On connait le tempérament explosif et le tweet corrosif de Mathieu Kassovitz, on sait qu’il pratique la boxe depuis quelques temps, et on se demande si Sparring va nous montrer un personnage original ou tourner au docu-fiction.
Mais dès qu’on rencontre Steeve on comprend qu’il n’est pas Kassovitz, et on se rappelle combien l’acteur sait surprendre et briller pour incarner les petits, les ordinaires, les ternes, et pour transmettre une humanité à fleur de peau.
Steeve est un vieux boxeur qui a plus l’expérience des défaites que celle des victoires, mais qui continue à monter sur le ring.
Il est à l’image de ces gens qu’on voit dans des courses à pied lâchés dès les premiers hectomètres mais qui sont là pour leur défi intime. A la différence près que sur un ring tout le monde vous voit perdre.
Chacun son sport, et sa façon de le pratiquer.
A côté il a un boulot alimentaire (à double titre puisqu’il bosse dans une cantine), mais rien d’assez reluisant pour permettre d’offrir à sa fille les moyens de persévérer dans la musique.
Alors devenir sparring partner d’un champion, c’est peut-être mettre en péril sa santé, mais c’est un sacrifice qu’il est prêt à faire pour sa famille.
Ce qui marque dès le départ, c’est le côté banal et simple de la vie de Steeve.On ne nous vend pas un récit sur l'extrême misère ou sur une dépendance quelconque: ce qu’il cherche, c’est à améliorer le quotidien.
De la même façon qu’il combat sans hargne, il est en quête de bonheurs simples. On est loin du récit du gars qui commence petit pour évoluer et exploser en plein vol.
On reste sur ce père de famille et son désir d’apporter le meilleur aux siens.
Pour une fois l’histoire suit le petit, celui qui peine, celui qui sait que son parcours le mène de souffrance en souffrance.
Le spectateur n’est pas trompé: on ne lui laisse jamais penser qu’il va voir un baudet devenir cheval de course.
Ce héros ordinaire est proche de nous, ses souffrances sont palpables, ses envies sont louables, et on aime le suivre, d’autant qu’il est excellemment incarné par un acteur épatant.
Là où le Sparring devient émouvant, c’est sur les relations familiales, et surtout père/fille.
L’admiration filiale inconditionnelle vient en balance des brimades et des coups que le boxeur reçoit en permanence.

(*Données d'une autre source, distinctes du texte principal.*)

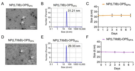 Characteristics of the purified S. paratyphi A glycoproteins. The purified glycoprotein LTIBTri-OPSSPA was analyzed using TEM (A) and DLS (B). (C) After filtering with a 0.22 µm filter, the NP(LTIB)-OPSSPA solution was incubated at 37 °C, and the stability was analyzed using DLS. (D) TEM image analysis of the LTIIbBTri-OPSSPA particle (NP(LTIIbB)-OPSSPA). (E) NP(LTIIbB)-OPSSPA was analyzed using DLS. (F) The stability of NP(LTIIbB)-OPSSPA was analyzed using DLS at different time points. The arrow in the TEM image points to the nanovaccines.
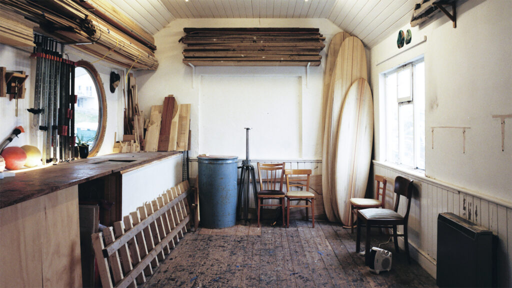 Un shaper de planches en bois filmé dans son atelier de Cornouailles. Une vie d’artisan. L’amour du travail bien fait. “Je me contente de fabriquer des planches de surf.” Toujours en musique.
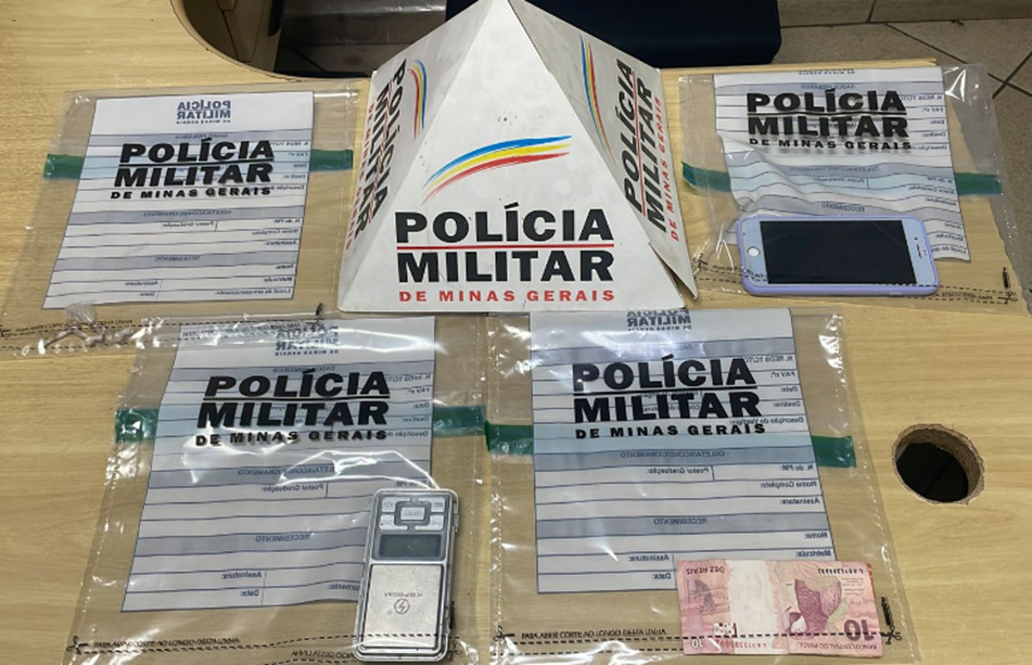 A Polícia Militar realizou ações decisivas no combate ao tráfico de drogas em Ouro Branco, resultando em uma prisão e duas apreensões entre os dias 17 e 18 de outubro. Na sexta-feira (17), durante patrulhamento pelo Bairro Matriz, os militares avistaram dois menores em atitude suspeita. Ao notarem a presença da guarnição, eles entraram em um bar carregando uma bolsa. Durante a abordagem, nada de ilícito foi encontrado com os jovens, porém, ao vistoriarem a bolsa, os policiais localizaram 10 buchas de maconha e R$ 35 em dinheiro.

L’amour de la famille qui aide Steeve à tenir est aussi celui qui le fait souffrir, et cette dualité des sentiments, ce déchirement qu’on peut connaitre dans d’autres circonstances est très bien rendu.
Il suffit de quelques scènes d’échanges entre une petite actrice elle aussi brillante et un père aimant pour éclairer les motivations et blessures du sportif.
Pas besoin d’en faire des tonnes pour qu’on comprenne pourquoi il endure 1000 souffrances: il regarde sa fille jouer du piano et tout passe dans ce regard: l’amour du père, l’envie de soutenir son enfant, la fierté de pouvoir lui ouvrir les portes, de voir l’admiration dans son regard, la peur de manquer à son devoir, et surtout la pudeur qui vient envelopper tout ça.
Plus que la souffrance physique, c’est celle de l’esprit que met en avant le film, c’est la difficulté à combiner sa bonne volonté avec les coups qu’on prend en pleine face: ceux qui vous sifflent, ceux qui espèrent vous voir tomber, ce champion qui vous rabaisse, cette famille qui vous attend, cet espoir qu’on met en vous et que vous n’arrivez pas à satisfaire.
Le film est bon sur pas mal d'aspects, et on lui pardonne sa photo souvent terne et ses combats pas toujours lisibles.
On ressort de là en ayant le sentiment d’avoir vu évoluer de vrais individus, et Steeve est de ces personnages dont la persévérance nous accompagne quelques temps, de ceux qu’on imagine pouvoir croiser au quotidien.
Sparring est un film beau parce qu’il ne raconte pas grand chose tout en mettant le doigt sur l’essentiel.